What you need to do » Only text is carried over. Reproduce the entries below exactly.

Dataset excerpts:

>>>>>

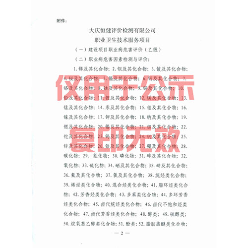 公司2007年9月**獲得黑龍江省衛(wèi)生廳職業(yè)衛(wèi)生技術(shù)服務(wù)機(jī)構(gòu)乙級(jí)資質(zhì)證書(黑衛(wèi)職認(rèn)字[2007]第093號(hào));2012年9月10日獲得黑龍江省衛(wèi)生廳公共場(chǎng)所技術(shù)服務(wù)機(jī)構(gòu)**技術(shù)能力考核合格批復(fù)文件,成為全省首家合法開展公共場(chǎng)所檢測(cè)的技術(shù)服務(wù)機(jī)構(gòu)。2015年6月通過黑龍江省安全生產(chǎn)監(jiān)督管理局續(xù)展審查,資質(zhì)證號(hào)為黑安職技字(2015)第B-0011號(hào);2018年5月月通過黑龍江省安全生產(chǎn)監(jiān)督管理局續(xù)展審查,新資質(zhì)證號(hào)為(黑)安職技字(2018)第B-0011號(hào),有效期*2021年6月4日。職業(yè)衛(wèi)生檢測(cè)、評(píng)價(jià)的業(yè)務(wù)范圍包涵石油和天然氣開采業(yè);金屬、非金屬礦采選業(yè)和工程建筑業(yè);冶金、建材;化工、石化及醫(yī)藥;輕工、紡織、煙草加工制造業(yè);機(jī)械、設(shè)備、電器制造業(yè);電力、燃?xì)饧八纳a(chǎn)的供應(yīng)業(yè);運(yùn)輸、倉(cāng)儲(chǔ)、科研、農(nóng)林、公共服務(wù)業(yè)等八大行業(yè)100個(gè)項(xiàng)目。是省內(nèi)服務(wù)范圍較為**的職業(yè)衛(wèi)生技術(shù)服務(wù)機(jī)構(gòu)之一。
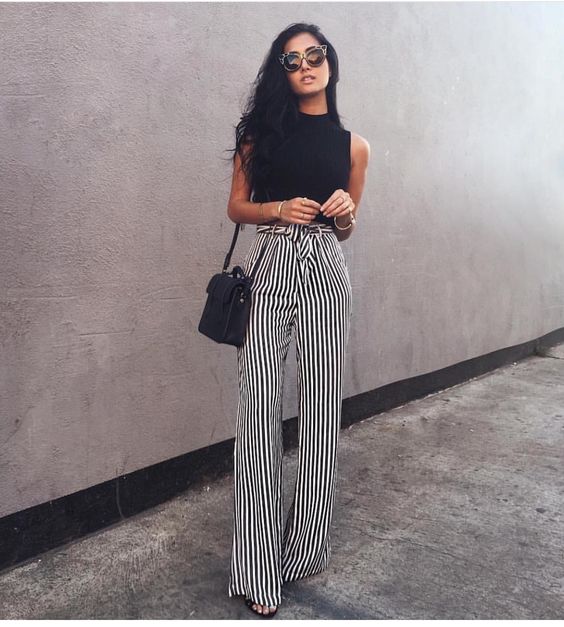 Un pantalón a la cintura es una excelente opción. Puedes usar una blusa linda o un top elegante. Añade sandalias con tacón para completar el look.
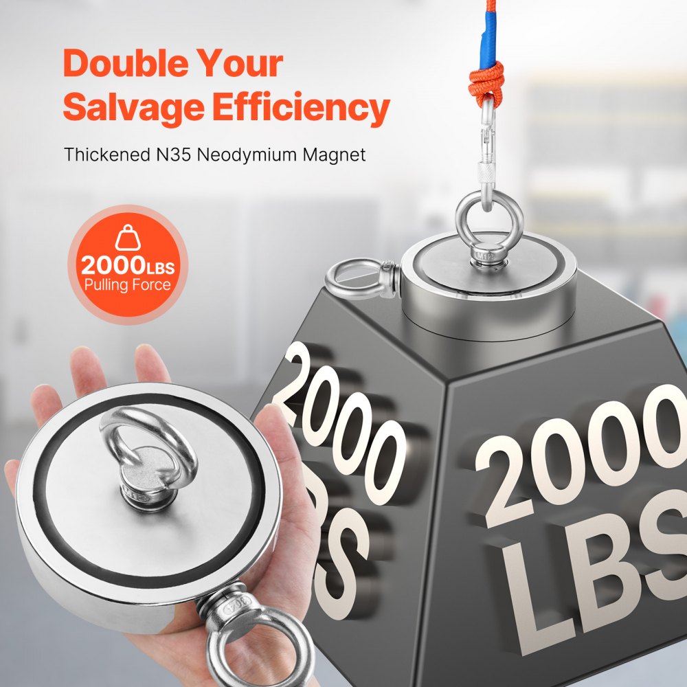 Imán fuerte de doble cara: fabricado con material de neodimio N35 de primera calidad, el diseño del imán de pesca de doble cara mejora en gran medida la funcionalidad, proporcionando una fuerza de tracción máxima de hasta 2000 LBS / 907 Kg. Puede recuperar fácilmente las llaves caídas o los tesoros submarinos.
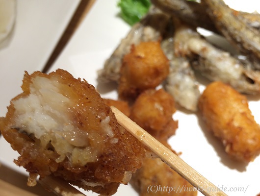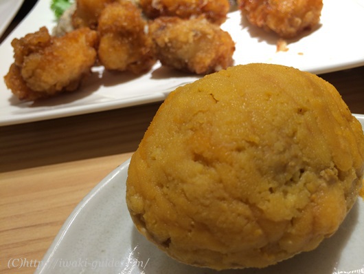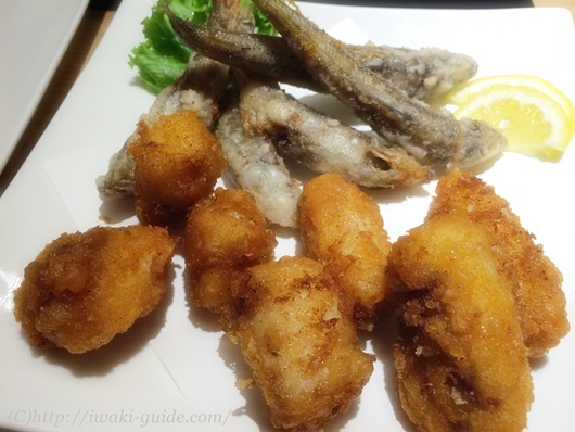 こちらは、いわきの魚メヒカリの唐揚げと、あんこうの唐揚げ。一つのお皿に盛りつけていただきました。
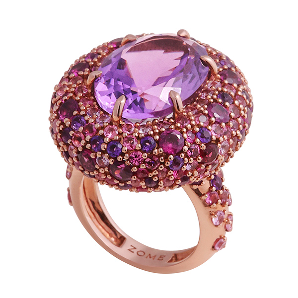 Top: Celestia Nebulite ring with amethyst center, pink sapphires, pink tourmalines, and amethyst in 18k rose gold, AED 37,100 ($10,102); Zome
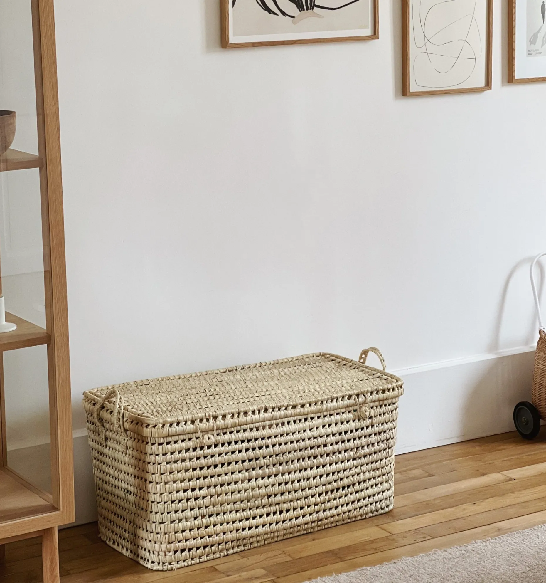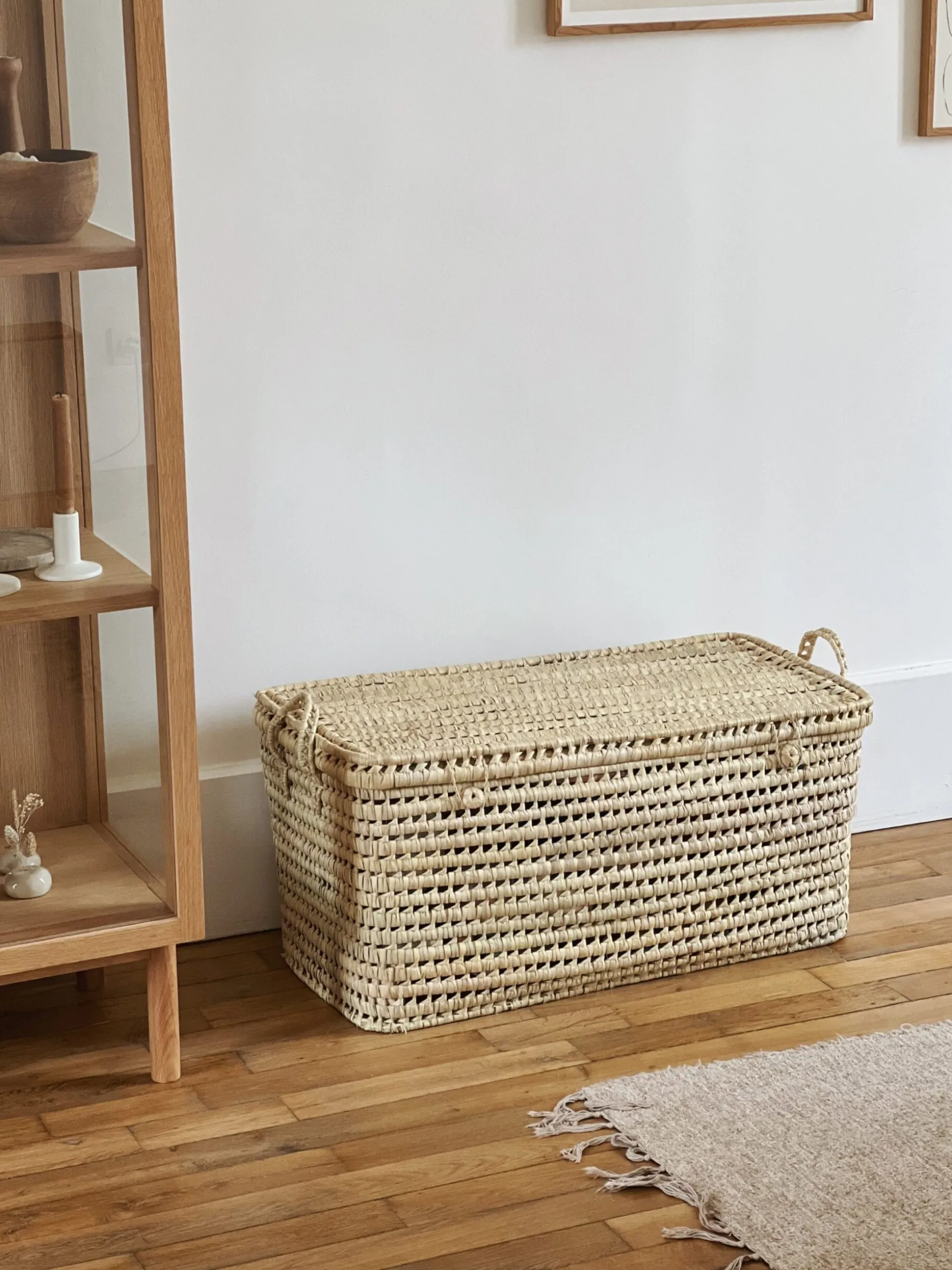 Grand coffre de rangement réalisé à la main en feuille de palmier. Cette malle est l’accessoire idéal au quotidien pour ranger votre maison. Pratique et jolie cette malle de rangement avec couvercle apportera une touche déco bohème à votre intérieur tout en rangeant jouets, plaids et linge de maison. Le coffre possède 2 anses de chaque côté pour une utilisation facile et un couvercle qui ferme à l’aide de 2 boutons en feuille de palmier.
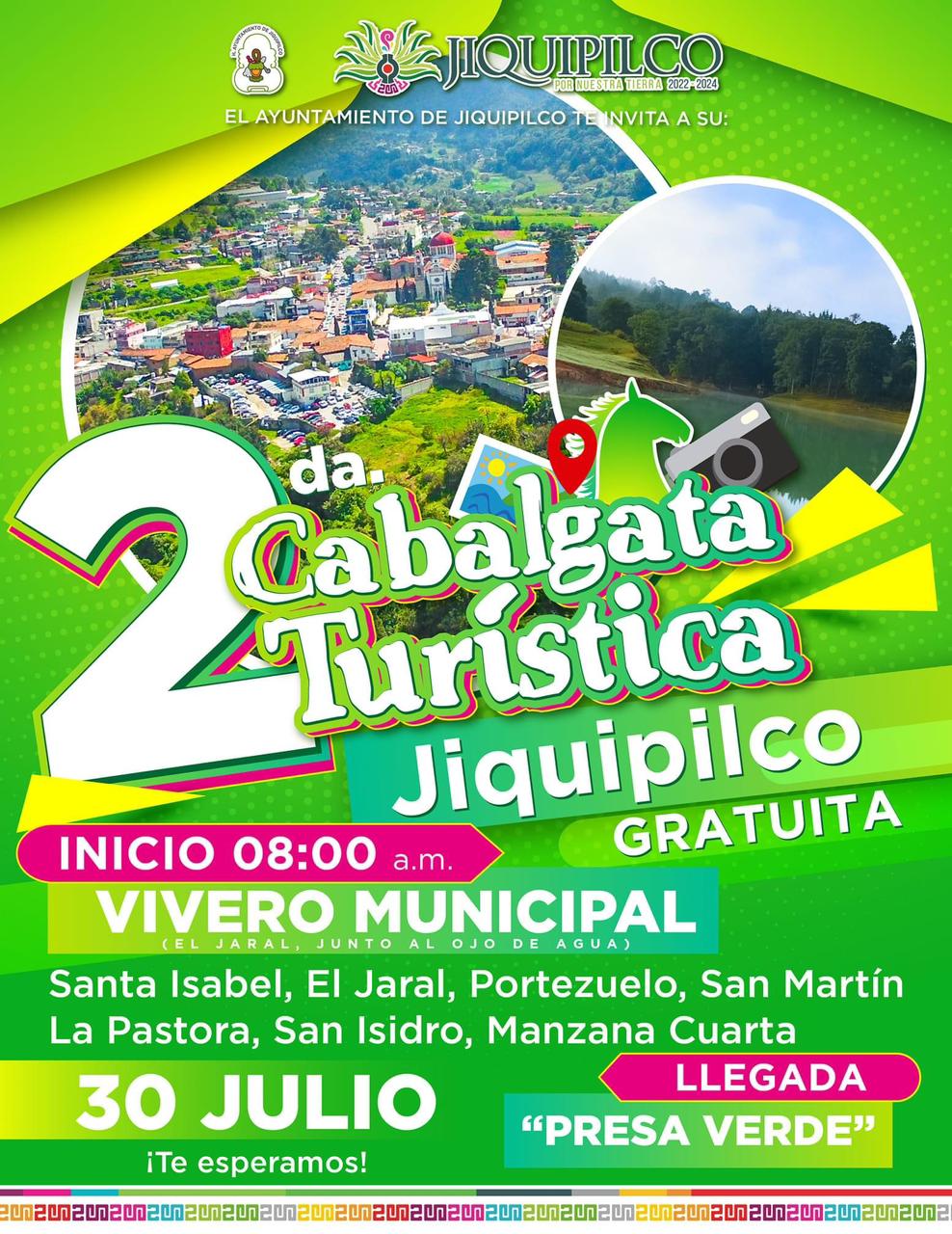 Con el objetivo de promover las tradiciones e impulsar la economía de la zona rural, autoridades municipales en coordinación con el Comité Organizador, dieron a conocer las actividades de la Segunda Cabalgata Turística Jiquipilco. Misma que se llevará a cabo el próximo 30 de julio y que dará inicio a las 8:00 de la mañana.… Seguir leyendo ACUDE Y DIVIÉRTETE EN LA SEGUNDA CABALGATA TURÍSTICA JIQUIPILCO
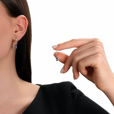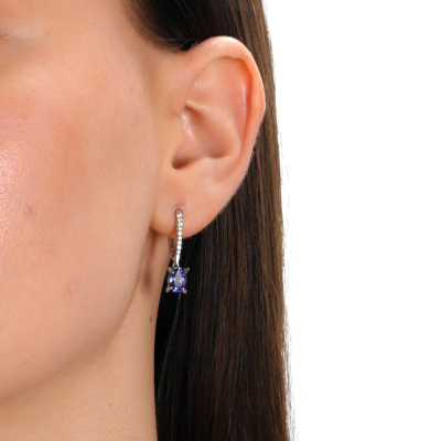 Серьги с 18 бриллиантами природными, 0.12 карат, огранка круг 57 граней, цвет 4, чистота 5, тип огранки А; 2 танзанитами природными, 1.53 карат; Белое золото 585 пробы.

<<<<<

Output for this task »
 公司2007年9月**獲得黑龍江省衛(wèi)生廳職業(yè)衛(wèi)生技術(shù)服務(wù)機(jī)構(gòu)乙級(jí)資質(zhì)證書(黑衛(wèi)職認(rèn)字[2007]第093號(hào));2012年9月10日獲得黑龍江省衛(wèi)生廳公共場(chǎng)所技術(shù)服務(wù)機(jī)構(gòu)**技術(shù)能力考核合格批復(fù)文件,成為全省首家合法開展公共場(chǎng)所檢測(cè)的技術(shù)服務(wù)機(jī)構(gòu)。2015年6月通過黑龍江省安全生產(chǎn)監(jiān)督管理局續(xù)展審查,資質(zhì)證號(hào)為黑安職技字(2015)第B-0011號(hào);2018年5月月通過黑龍江省安全生產(chǎn)監(jiān)督管理局續(xù)展審查,新資質(zhì)證號(hào)為(黑)安職技字(2018)第B-0011號(hào),有效期*2021年6月4日。職業(yè)衛(wèi)生檢測(cè)、評(píng)價(jià)的業(yè)務(wù)范圍包涵石油和天然氣開采業(yè);金屬、非金屬礦采選業(yè)和工程建筑業(yè);冶金、建材;化工、石化及醫(yī)藥;輕工、紡織、煙草加工制造業(yè);機(jī)械、設(shè)備、電器制造業(yè);電力、燃?xì)饧八纳a(chǎn)的供應(yīng)業(yè);運(yùn)輸、倉(cāng)儲(chǔ)、科研、農(nóng)林、公共服務(wù)業(yè)等八大行業(yè)100個(gè)項(xiàng)目。是省內(nèi)服務(wù)范圍較為**的職業(yè)衛(wèi)生技術(shù)服務(wù)機(jī)構(gòu)之一。
 Un pantalón a la cintura es una excelente opción. Puedes usar una blusa linda o un top elegante. Añade sandalias con tacón para completar el look.
 Imán fuerte de doble cara: fabricado con material de neodimio N35 de primera calidad, el diseño del imán de pesca de doble cara mejora en gran medida la funcionalidad, proporcionando una fuerza de tracción máxima de hasta 2000 LBS / 907 Kg. Puede recuperar fácilmente las llaves caídas o los tesoros submarinos.
 こちらは、いわきの魚メヒカリの唐揚げと、あんこうの唐揚げ。一つのお皿に盛りつけていただきました。
 Top: Celestia Nebulite ring with amethyst center, pink sapphires, pink tourmalines, and amethyst in 18k rose gold, AED 37,100 ($10,102); Zome
 Grand coffre de rangement réalisé à la main en feuille de palmier. Cette malle est l’accessoire idéal au quotidien pour ranger votre maison. Pratique et jolie cette malle de rangement avec couvercle apportera une touche déco bohème à votre intérieur tout en rangeant jouets, plaids et linge de maison. Le coffre possède 2 anses de chaque côté pour une utilisation facile et un couvercle qui ferme à l’aide de 2 boutons en feuille de palmier.
 Con el objetivo de promover las tradiciones e impulsar la economía de la zona rural, autoridades municipales en coordinación con el Comité Organizador, dieron a conocer las actividades de la Segunda Cabalgata Turística Jiquipilco. Misma que se llevará a cabo el próximo 30 de julio y que dará inicio a las 8:00 de la mañana.… Seguir leyendo ACUDE Y DIVIÉRTETE EN LA SEGUNDA CABALGATA TURÍSTICA JIQUIPILCO
 Серьги с 18 бриллиантами природными, 0.12 карат, огранка круг 57 граней, цвет 4, чистота 5, тип огранки А; 2 танзанитами природными, 1.53 карат; Белое золото 585 пробы.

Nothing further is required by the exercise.